ACTION ITEM ▸ Please produce an exact copy of only the lines from the one with "வழக்கமாக பொங்கல் பண்டிகைக்கு" through the last one of the material, without pictures.

== INPUT DATA ==

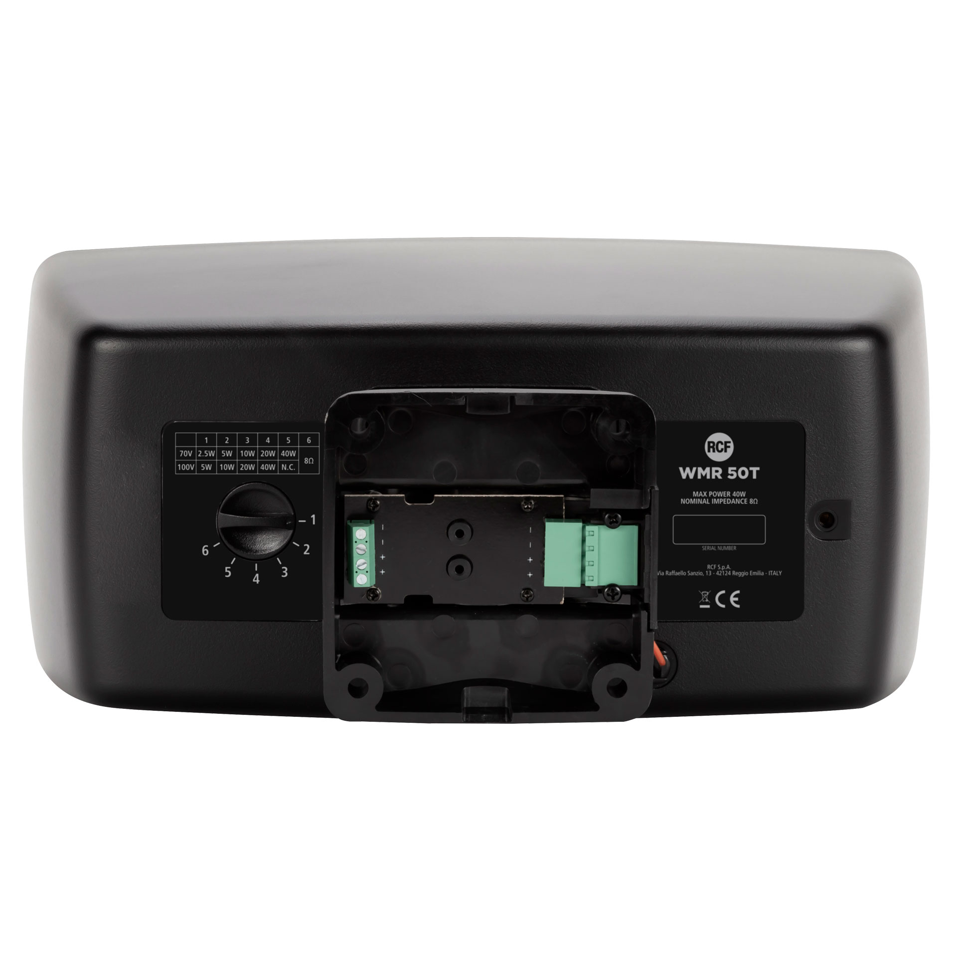 WMR 50T - багатоцільова двосмугова настінна акустична система для широкого спектру застосувань, Високоякісні перетворювачі гарантують точне відтворення музики в усьому діапазоні частот і забезпечують вражаючі рівні звукового тиску для такого компактного корпусу. Самозатухаючий пластиковий корпус і алюмінієва передня решітка. З’єднувальна плата вбудована в настінну опору. 4-полюсний роз'єм EUROBLOCK (аудіовхід і вихід паралельного зв'язку). 5" НЧ + 1"ВЧ (неодимовий купольний твітер), Потужність: 40 Вт (RMS). -Максимальний рівень звукового тиску: 110 дБ. -Частотний діапазон: 80-20000 Гц. -Кут охоплення: 140° x 100°, -Ступінь захисту: IP 55. -Колір: чорний RAL 9005
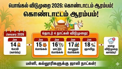 வழக்கமாக பொங்கல் பண்டிகைக்கு 3 நாட்கள் விடுமுறை அளிக்கப்படும். இந்த முறை ஜனவரி 15 (வியாழன்) முதல் ஜனவரி 17 (சனி) வரை அரசு விடுமுறை உள்ளது. அதனைத் தொடர்ந்து ஜனவரி 18-ம் தேதி ஞாயிற்றுக்கிழமை என்பதால், பள்ளி மற்றும் கல்லூரி மாணவர்களுக்குத் தொடர்ந்து 4 நாட்கள் விடுமுறை உறுதியாகியுள்ளது. அரையாண்டுத் தேர்வு முடிந்து ஜனவரி 5-ம் தேதி தான் பள்ளிகள் திறக்கப்பட்ட நிலையில், மீண்டும் ஒரு நீண்ட விடுமுறை கிடைப்பது மாணவர்களை மகிழ்ச்சியில் ஆழ்த்தியுள்ளது.
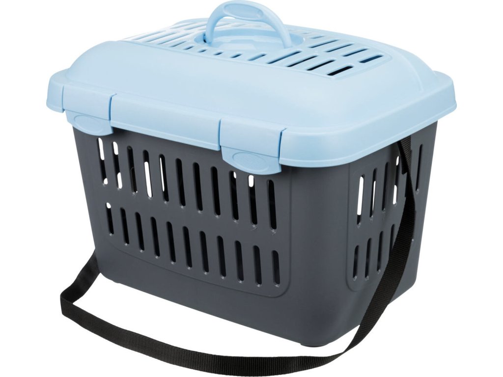 Transportní box MIDI CAPRI s popruhem, 44x33x32cm (max. 5kg), světle šedá/tyrkysová

===

ANSWER SECTION ▸
 வழக்கமாக பொங்கல் பண்டிகைக்கு 3 நாட்கள் விடுமுறை அளிக்கப்படும். இந்த முறை ஜனவரி 15 (வியாழன்) முதல் ஜனவரி 17 (சனி) வரை அரசு விடுமுறை உள்ளது. அதனைத் தொடர்ந்து ஜனவரி 18-ம் தேதி ஞாயிற்றுக்கிழமை என்பதால், பள்ளி மற்றும் கல்லூரி மாணவர்களுக்குத் தொடர்ந்து 4 நாட்கள் விடுமுறை உறுதியாகியுள்ளது. அரையாண்டுத் தேர்வு முடிந்து ஜனவரி 5-ம் தேதி தான் பள்ளிகள் திறக்கப்பட்ட நிலையில், மீண்டும் ஒரு நீண்ட விடுமுறை கிடைப்பது மாணவர்களை மகிழ்ச்சியில் ஆழ்த்தியுள்ளது.
 Transportní box MIDI CAPRI s popruhem, 44x33x32cm (max. 5kg), světle šedá/tyrkysová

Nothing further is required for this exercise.